I'm currently setting up a highly-available MySQL as backend for Ranger, Hive, Oozie and Ambari.
My target would be a Master-Master Replication with a Load Balancer that handles outages. Then, no manual steps had to be taken in case of server failure.
In this Community Article it is mentioned that Hive has some issues with Master-Master scenarios. Is this still the case? Or is MySQL Master-Master-Replication supported in HDP 2.3+? If not, what are the issues with Hive?
Best regards and thanks for your help!
IMO, it should work as client doesn't need to worry about what replication strategy mysql are using. But it would be of great learning, if you can try and share your experience.
At present, only Master-Slave MySQL replication is recommended in 2.3.4, and if you want help to set it up then following link may help you.
Documentation says, When 2 Hive Metasore (HM) instances are running, only incase of any issues with first uri, second one would be used. So, Ideally, request should come to anyone of the instances always. Incase of any issues with one instance, then it can go to another one. So, I recently setup a Hive Metastore with MySQL Active Active replication assuming there won't be any situation where both HM instances operates on the same record. But, this doesn't seem to be the case. I am seeing requests are coming to both instances. This can cause replication issues when there is any CRUD operation on the same record and it has happened in my case. Would like to hear your thoughts.
In my opinion it is not relevant which Metastore connects to the Database, if you have a Load-Balancer between Metastore and Database. It is more relevant, which database (or which Active Node to be more specific) is accessed by the Metastore. If the same record is altered in two MySQL nodes simultaneously, that may be a problem (I'm not too deep in the matter how MySQL handles that). Thus, if your Load-Balancer channels all requests to one MySQL host and only fails over on a failure, it should not be a problem.

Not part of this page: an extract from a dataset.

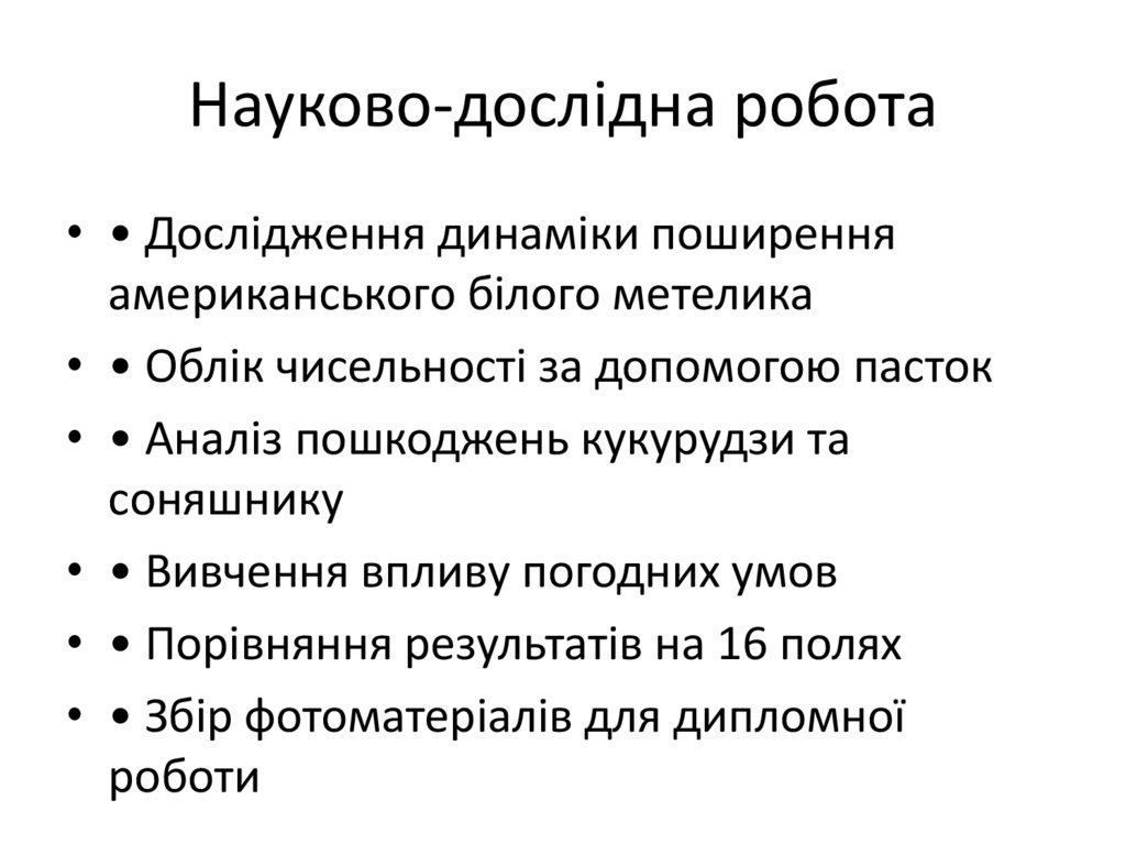Науково-дослідна робота• • Дослідження динаміки поширення

Master-Master replication works great for me. I used it on HDP2.3 and 2.5. To get the solution fully automated, I used MySQL Router as server proxy.
I tried MySQL Cluster, but it needs "nbcluster" as storage engine, when Hive works with "InnoDB". Hive metastore with "nbcluster" engine gave me very strange errors.
I also tried MySQL Fabric, but it needs user interference to change repaired MySQL server status.
I tested only for Hive metastore database.
Anyway I am going to post an article about configuration of master-master replication + MySQL Router.
@Edgar Daeds could you please provide URL in case you have already published the article on master-master replication + MySQL Router setup
Hi Edger Daeda could you please share the blog url in case you are done with publishing.
I implemented M-M-A-P setup for Mysql High Availability and didn't see any issues since 2 yrs , Here is the link if you are looking for same kind of HA for MySQL.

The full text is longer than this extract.